🤖 AI Summary
This work addresses the limitations of traditional Mixture-of-Experts (MoE) models in time series forecasting—namely, insufficient expert specialization and low training efficiency, often necessitating full model retraining. To overcome these challenges, the authors propose an adaptive MoE framework that explicitly incorporates expert-specific losses into the overall optimization objective for the first time, coupled with a partial online learning mechanism to enable efficient incremental parameter updates. The resulting approach substantially enhances both expert specialization and training efficiency. Empirical evaluations across diverse real-world datasets in economics, tourism, and energy demonstrate that the proposed method consistently outperforms classical statistical baselines as well as state-of-the-art neural architectures such as Transformers and WaveNet in terms of both predictive accuracy and computational efficiency.
📝 Abstract
We propose a novel adaptive Mixture-of-Experts (MoE) framework for time series forecasting that enhances expert specialization by incorporating expert-specific loss information directly into the training process. Notably, the overall objective comprises the base forecasting loss and expert-specific losses, allowing expert-level prediction errors to jointly shape training alongside the global forecasting loss. This framework is further combined with a partial online learning strategy, enabling incremental updates of both the gating mechanism and expert parameters. This approach significantly reduces computational cost by eliminating the need for repeated full model retraining.

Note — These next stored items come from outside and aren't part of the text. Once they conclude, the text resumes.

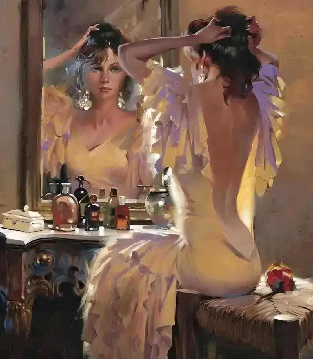 凳子上的那朵红玫瑰🌹,和她的那身凹凸有致的衣裙折射了女主此时此刻的心境!她坐在梳妆台前的曼妙背影,以及对镜梳理发型时的左右顾盼,说明她今天有一场非常重要的约会要参加,这是她的终身大事,自然是怀着不安而又充满着欣喜的心情!
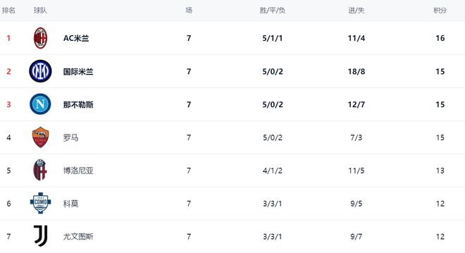 在意甲积分榜,AC米兰的战绩是5胜1平1负,拿到16分,排名榜首。而国际米兰的战绩是5胜2负,15个积分,排名第2。那不勒斯和罗马也都是15个积分,净胜球不如国际米兰,排名第3和第4名。博洛尼亚以13分排名第5。科莫和尤文图斯都是12个积分,排名第6和第7。亚特兰大只拿到11分,排名第8。至于拉齐奥,2胜2平3负,只拿到8分,排名第11。
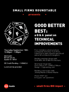 AIA Austin Small Firms Roundtable Presents GOOD BETTER BEST: a Q&A panel on Technical Improvements
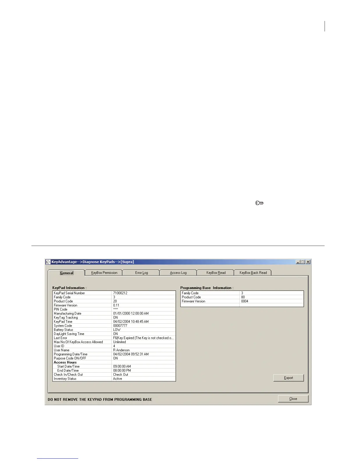 • The General tab (Figure 23) displays information on the KeyPad and the key holder if the KeyPad is
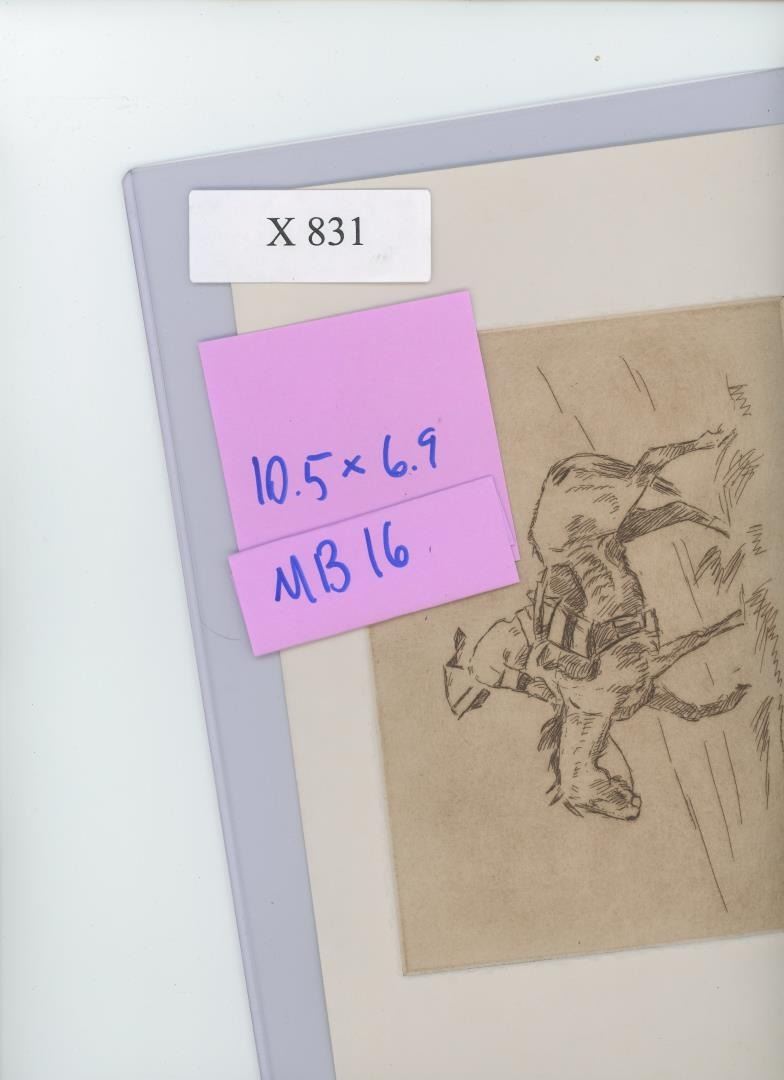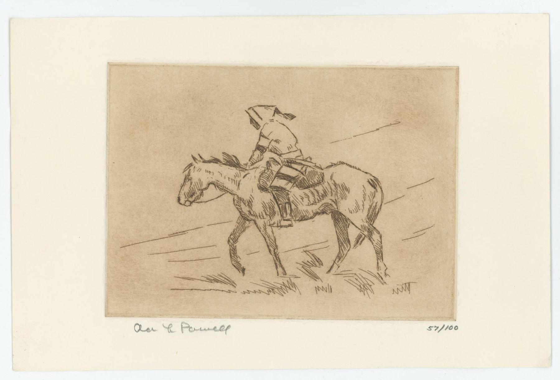 7" by 10 1/2". Ace (Asa Lynn) Powell (1912 - 1978) was active/lived in Montana, New Mexico. Ace Powell is known for Cowboy genre and Indian figure painting. Born in Tularosa, New Mexico, Ace Powell became a painter of western action scenes, wild animals, and Indian figures in realistic style and in the tradition of Charles Russell. Powell's trademark signature on his paintings is the ace of diamonds, which also became his nickname. He was prolific, creating between 12,000 and 15,000 paintings and sculptures. He considered oil to be his best medium although he loved sculpting in terra cotta, stone, and wood. He also was skilled at etching. His life has involved many changes of location and personal circumstance, much of it due to his alcoholism, which he eventually overcame. Eventually he settled in Kalispell. He moved to Montana at age one month. His mother was a schoolteacher, and his father was a cowboy foreman on the Ben Steven's horse ranch, then a homesteader, and eventually a worker for the Glacier National Park Service. Charlie Russell' s summer home was near the Powell home, and the Russells were family friends and encouraged Asa, nicknamed "Ace" in his artistic talent. He loved the Blackfeet Indians so much his father sent him to school on their reservation, and these people became one of his most frequent subjects. He also worked on the Bar X Six Ranch where he was a saddle-horse guide for many visiting successful western artists. He built a studio in Choteau, Montana and from there worked as a wood animal sculptor and also did book illustrations. After his first wife died when he was 29, he was briefly in the Army, worked in a defense plant, and was in the plastic figurine business in Yakima, Washington, but his partner ran off with his second wife, obviously terminating their business arrangement. He returned to Glacier Park for six years with his young son and then at age 40 enrolled in the University of Montana on the G.I. Bill. But he disliked the abstract art being promoted, so he quit and took the Famous Artists correspondence course, which really helped him down the path that established his art career. In 1952, he married artist Nancy McLaughlin, and in Hungry Horse, Montana they successfully operated a gallery, but it burned to the ground in 1964. They divorced, and in 1965, he married Thelma Conner.

By integrating expert-level loss awareness with efficient online optimization, the proposed method achieves improved learning efficiency while maintaining strong predictive performance. Empirical results across economic, tourism, and energy datasets with varying frequencies demonstrate that the proposed approach generally outperforms both statistical methods and state-of-the-art neural network models, such as Transformers and WaveNet, in forecasting accuracy and computational efficiency. Furthermore, ablation studies confirm the effectiveness of the expert-specific loss integration strategy, highlighting its contribution to enhancing predictive performance.